→ What is being asked: Look through the records below for the line with "وثائق لميزانية شركة" and the line with "الثَّالِثُ: الشَّرْطُ، وَهُوَ", then return those lines and all lines between, exactly.

→ Provided entries:
════
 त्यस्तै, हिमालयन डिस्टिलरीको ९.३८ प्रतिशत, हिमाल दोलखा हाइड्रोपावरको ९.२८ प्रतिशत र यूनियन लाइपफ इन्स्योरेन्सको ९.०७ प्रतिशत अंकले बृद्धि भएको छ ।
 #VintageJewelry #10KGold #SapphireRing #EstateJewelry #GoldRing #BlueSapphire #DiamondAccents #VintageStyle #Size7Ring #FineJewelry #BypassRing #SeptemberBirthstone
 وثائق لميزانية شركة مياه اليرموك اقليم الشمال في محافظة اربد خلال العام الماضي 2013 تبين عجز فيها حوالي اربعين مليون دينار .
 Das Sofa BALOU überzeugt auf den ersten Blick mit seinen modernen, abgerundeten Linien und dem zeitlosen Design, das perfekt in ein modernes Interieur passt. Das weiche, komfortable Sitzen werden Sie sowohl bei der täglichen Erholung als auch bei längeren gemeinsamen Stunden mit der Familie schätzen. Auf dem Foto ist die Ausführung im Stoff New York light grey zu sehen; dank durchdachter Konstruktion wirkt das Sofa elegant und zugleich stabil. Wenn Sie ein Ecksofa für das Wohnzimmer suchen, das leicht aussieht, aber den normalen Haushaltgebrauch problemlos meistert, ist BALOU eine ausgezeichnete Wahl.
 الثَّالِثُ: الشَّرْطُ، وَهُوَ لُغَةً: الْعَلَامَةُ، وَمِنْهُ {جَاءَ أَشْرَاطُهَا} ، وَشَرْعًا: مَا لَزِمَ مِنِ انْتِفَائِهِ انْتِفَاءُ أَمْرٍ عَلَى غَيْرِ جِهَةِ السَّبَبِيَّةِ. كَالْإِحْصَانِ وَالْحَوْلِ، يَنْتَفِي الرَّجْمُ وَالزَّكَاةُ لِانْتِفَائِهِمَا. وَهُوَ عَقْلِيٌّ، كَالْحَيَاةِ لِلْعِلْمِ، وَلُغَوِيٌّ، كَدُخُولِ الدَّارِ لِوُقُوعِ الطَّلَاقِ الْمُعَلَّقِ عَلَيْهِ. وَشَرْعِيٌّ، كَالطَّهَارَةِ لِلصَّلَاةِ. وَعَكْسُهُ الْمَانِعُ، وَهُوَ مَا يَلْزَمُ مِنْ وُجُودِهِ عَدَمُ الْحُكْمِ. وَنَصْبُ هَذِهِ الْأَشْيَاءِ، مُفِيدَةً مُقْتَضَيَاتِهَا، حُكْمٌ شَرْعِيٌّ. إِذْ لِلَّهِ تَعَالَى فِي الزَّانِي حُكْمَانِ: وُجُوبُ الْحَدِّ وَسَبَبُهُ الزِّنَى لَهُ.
════
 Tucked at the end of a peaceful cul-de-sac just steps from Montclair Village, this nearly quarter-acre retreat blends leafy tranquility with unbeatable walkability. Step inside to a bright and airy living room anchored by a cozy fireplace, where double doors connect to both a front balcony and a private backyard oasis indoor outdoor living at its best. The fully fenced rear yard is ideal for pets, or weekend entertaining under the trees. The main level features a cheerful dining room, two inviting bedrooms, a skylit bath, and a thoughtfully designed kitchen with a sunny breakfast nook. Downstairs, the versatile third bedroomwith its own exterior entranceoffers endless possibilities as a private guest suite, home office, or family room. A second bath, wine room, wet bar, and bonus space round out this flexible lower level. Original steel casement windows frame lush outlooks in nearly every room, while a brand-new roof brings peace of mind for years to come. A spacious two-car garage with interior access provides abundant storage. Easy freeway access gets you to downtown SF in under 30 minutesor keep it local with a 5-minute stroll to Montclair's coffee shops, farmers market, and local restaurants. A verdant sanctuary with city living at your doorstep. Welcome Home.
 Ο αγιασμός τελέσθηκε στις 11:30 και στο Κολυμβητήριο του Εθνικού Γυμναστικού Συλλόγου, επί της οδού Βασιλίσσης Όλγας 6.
════
→ Answer for this exercise:
 وثائق لميزانية شركة مياه اليرموك اقليم الشمال في محافظة اربد خلال العام الماضي 2013 تبين عجز فيها حوالي اربعين مليون دينار .
 Das Sofa BALOU überzeugt auf den ersten Blick mit seinen modernen, abgerundeten Linien und dem zeitlosen Design, das perfekt in ein modernes Interieur passt. Das weiche, komfortable Sitzen werden Sie sowohl bei der täglichen Erholung als auch bei längeren gemeinsamen Stunden mit der Familie schätzen. Auf dem Foto ist die Ausführung im Stoff New York light grey zu sehen; dank durchdachter Konstruktion wirkt das Sofa elegant und zugleich stabil. Wenn Sie ein Ecksofa für das Wohnzimmer suchen, das leicht aussieht, aber den normalen Haushaltgebrauch problemlos meistert, ist BALOU eine ausgezeichnete Wahl.
 الثَّالِثُ: الشَّرْطُ، وَهُوَ لُغَةً: الْعَلَامَةُ، وَمِنْهُ {جَاءَ أَشْرَاطُهَا} ، وَشَرْعًا: مَا لَزِمَ مِنِ انْتِفَائِهِ انْتِفَاءُ أَمْرٍ عَلَى غَيْرِ جِهَةِ السَّبَبِيَّةِ. كَالْإِحْصَانِ وَالْحَوْلِ، يَنْتَفِي الرَّجْمُ وَالزَّكَاةُ لِانْتِفَائِهِمَا. وَهُوَ عَقْلِيٌّ، كَالْحَيَاةِ لِلْعِلْمِ، وَلُغَوِيٌّ، كَدُخُولِ الدَّارِ لِوُقُوعِ الطَّلَاقِ الْمُعَلَّقِ عَلَيْهِ. وَشَرْعِيٌّ، كَالطَّهَارَةِ لِلصَّلَاةِ. وَعَكْسُهُ الْمَانِعُ، وَهُوَ مَا يَلْزَمُ مِنْ وُجُودِهِ عَدَمُ الْحُكْمِ. وَنَصْبُ هَذِهِ الْأَشْيَاءِ، مُفِيدَةً مُقْتَضَيَاتِهَا، حُكْمٌ شَرْعِيٌّ. إِذْ لِلَّهِ تَعَالَى فِي الزَّانِي حُكْمَانِ: وُجُوبُ الْحَدِّ وَسَبَبُهُ الزِّنَى لَهُ.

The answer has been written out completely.